The applicants — among them not-for-profits and other local governments — have requested around $77 million.
Supervisor Louie Zumbach was the first to suggest moving the decision to next week to try to take some pressure off of county staff. Supervisors Stacey Walker and Ben Rogers agreed.
⧉ Related article: Marion City Council supports $100k in ARPA funds for Community Build
“There are some organizations who might have better leverage to go out and raise money they don’t get (from ARPA) to make up for not getting the full amount,” Walker said. “I’d like to spend some time looking and finding that out.”
Some 53 eligible applications, totaling more than $34 million, remain unfunded from the first round of awards made in April.
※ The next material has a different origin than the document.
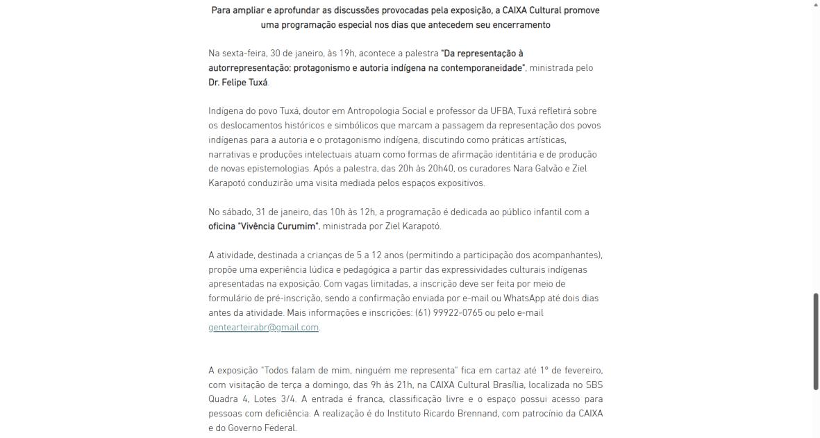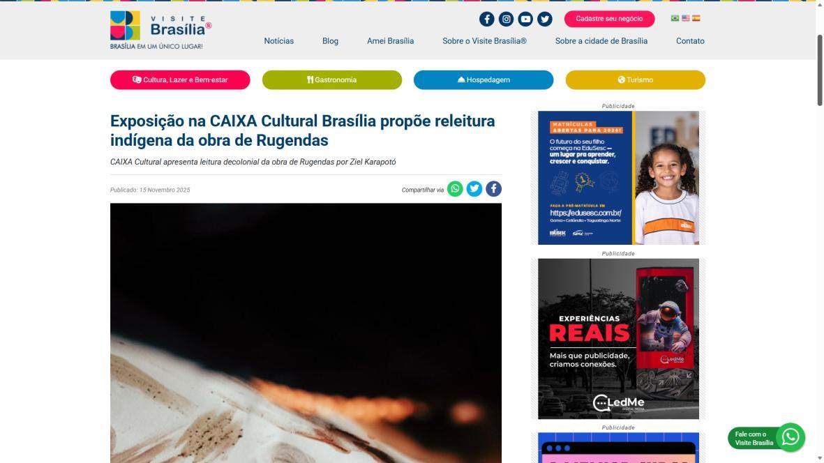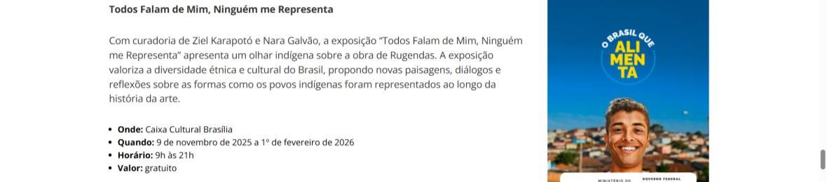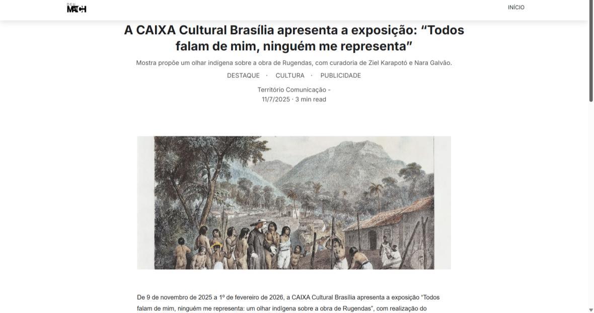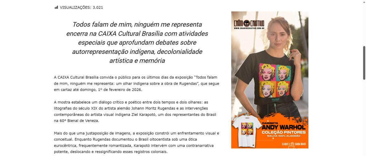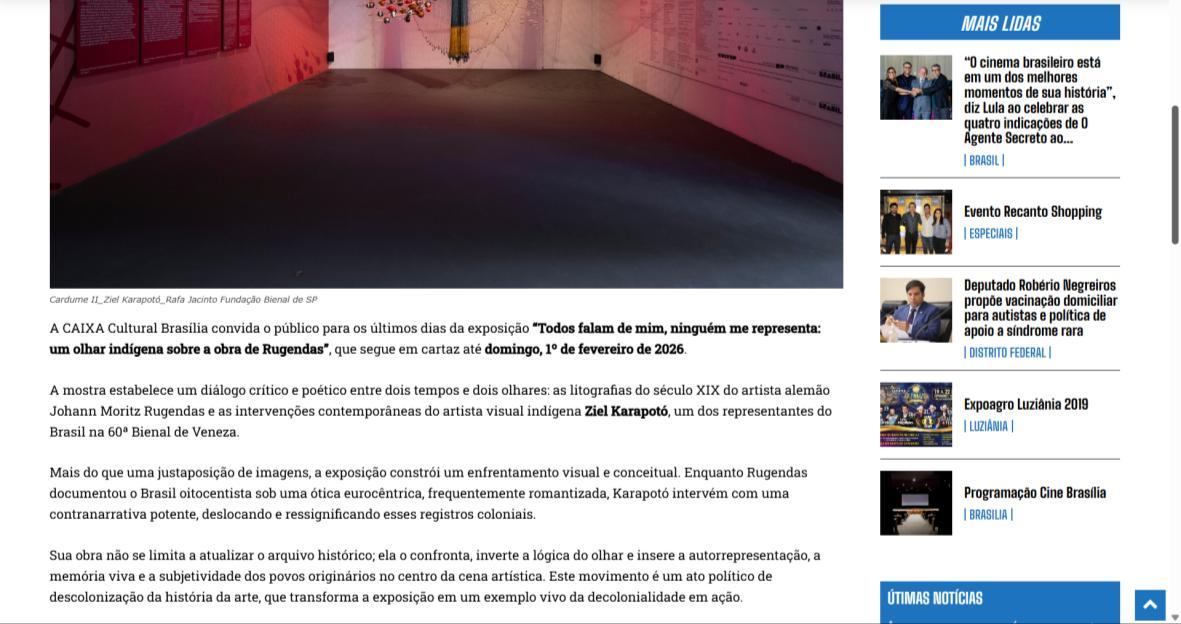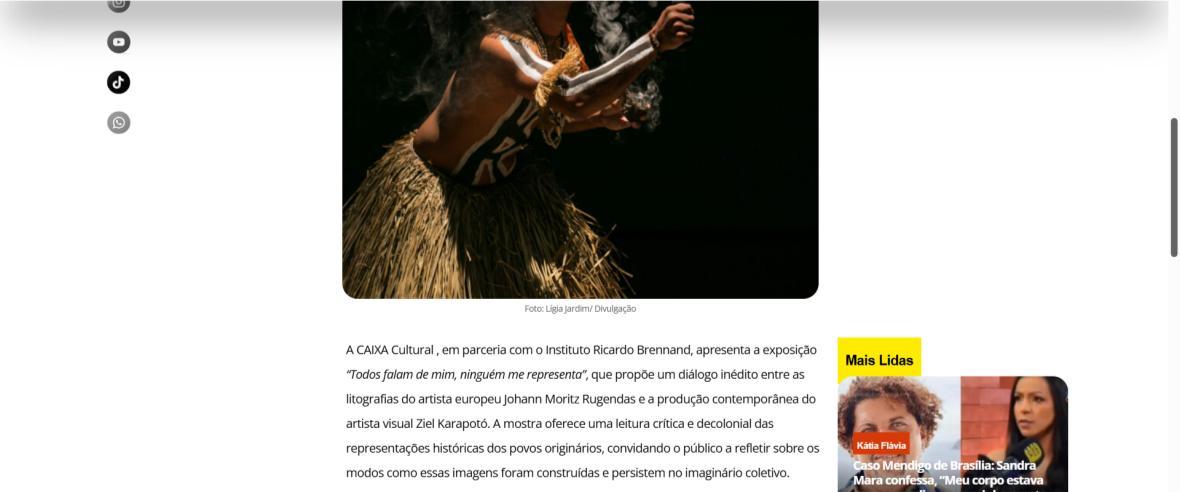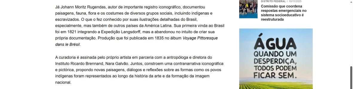 De 9 de novembro de 2025 a 1º de fevereiro de 2026, a CAIXA Cultural Brasília apresenta a exposição “Todos falam de mim, ninguém me representa: um olhar indígena sobre a obra de Rugendas”, com realização do Instituto Ricardo Brennand. A mostra apresenta um diálogo inédito entre o artista alemão Johann Moritz Rugendas (1802–1858) e a produção contemporânea do artista visual indígena Ziel Karapotó, um dos representantes do Brasil na 60ª Bienal de Veneza (2024).

Since then, 72 more applications, totaling almost $43 million, have been submitted.
Some of the new applicants in round two include His Hands Free Clinic, Coe College, Indian Creek Nature Center, Marion Public Library Foundation and Mercy Medical Center.
The largest remaining request from round one — from the Cedar Rapids Public Library — is for $6 million. The money would help fund a new west-side library and opportunity center to replace the Ladd Library, which is leased and situated in a strip mall at 3750 Williams Blvd SW.
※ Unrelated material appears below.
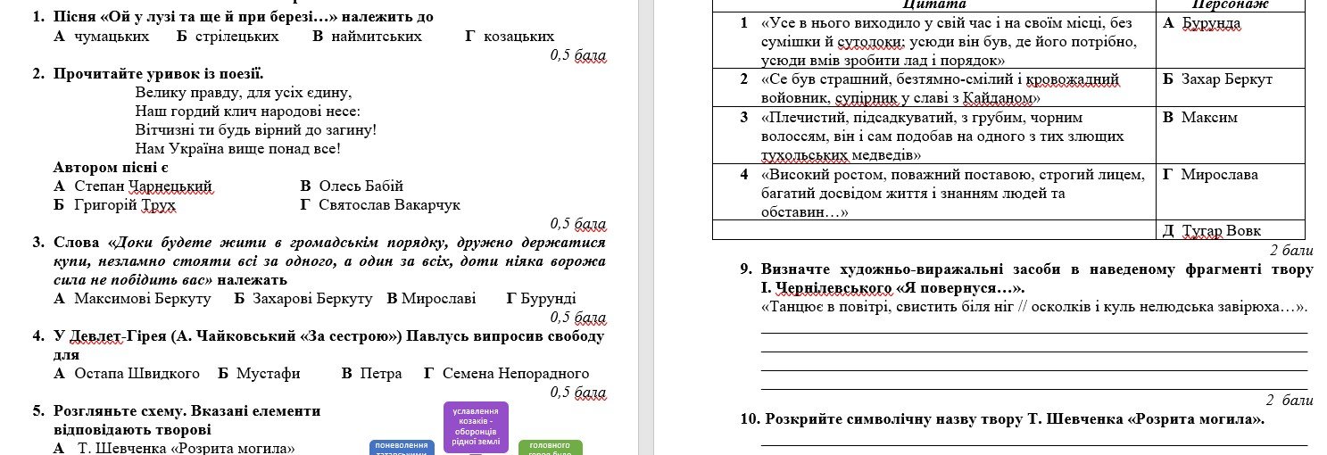 Чи можна замовити матеріал «ГР 4. Підсумкова робота за І семестр. Пісенна лірика. Історичне минуле України. Ми – українці! Українська література. 7 клас НУШ (Авраменко О. М.)» по телефону, або месенжеру?
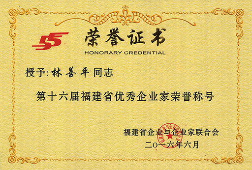 為弘揚(yáng)優(yōu)秀企業(yè)家深化改革、科學(xué)管理、與時(shí)俱進(jìn)、勇于創(chuàng)新的開(kāi)拓精神,激勵(lì)廣大企業(yè)家敢為天下先、愛(ài)拼才會(huì)贏的闖勁,為推動(dòng)福建省產(chǎn)業(yè)轉(zhuǎn)型升級(jí)和經(jīng)濟(jì)持續(xù)健康發(fā)展建功立業(yè),近日,福建省企業(yè)與企業(yè)家聯(lián)合會(huì)組織開(kāi)展了每?jī)赡暝u(píng)選一次的福建省優(yōu)秀企業(yè)家評(píng)選工作,并于2016年6月24日決定授予98位企業(yè)經(jīng)營(yíng)管理者“第十六屆福建省優(yōu)秀企業(yè)家”榮譽(yù)稱(chēng)號(hào),虹潤(rùn)公司董事長(zhǎng)林善平榮獲該榮譽(yù)稱(chēng)號(hào)。

Some of the applicants that didn’t get funding in the first round include the Cedar Valley Humane Society, Affordable Housing Network, Kirkwood Community College, Prospect Meadows and the National Czech & Slovak Museum & Library, and cities including Ely, which is asking for a couple of million for sewer and water infrastructure projects.
“We appreciate the consideration in round two,” Ely Mayor Eldy Miller said Monday. “I do want to stress that both of our drinking and sewer projects are critical for our community. Any gap in funding does fall on our residents.”
Zumbach and Rogers said they did have some money distributed to Ely in their personal budget plans, but it’s unlikely the city will receive its total ask.
In the first round, earlier this year, the board distributed money in two categories:
- $5.5 million toward requests relating to social services, public health, affordable housing and capital investment.
- $5.5 million toward sewer and water infrastructure.
County Policy Director Darrin Gage said his staff would work under the assumption that the first category will receive the majority of the funding this time around, about $9 million to $10 million of the $13 million total.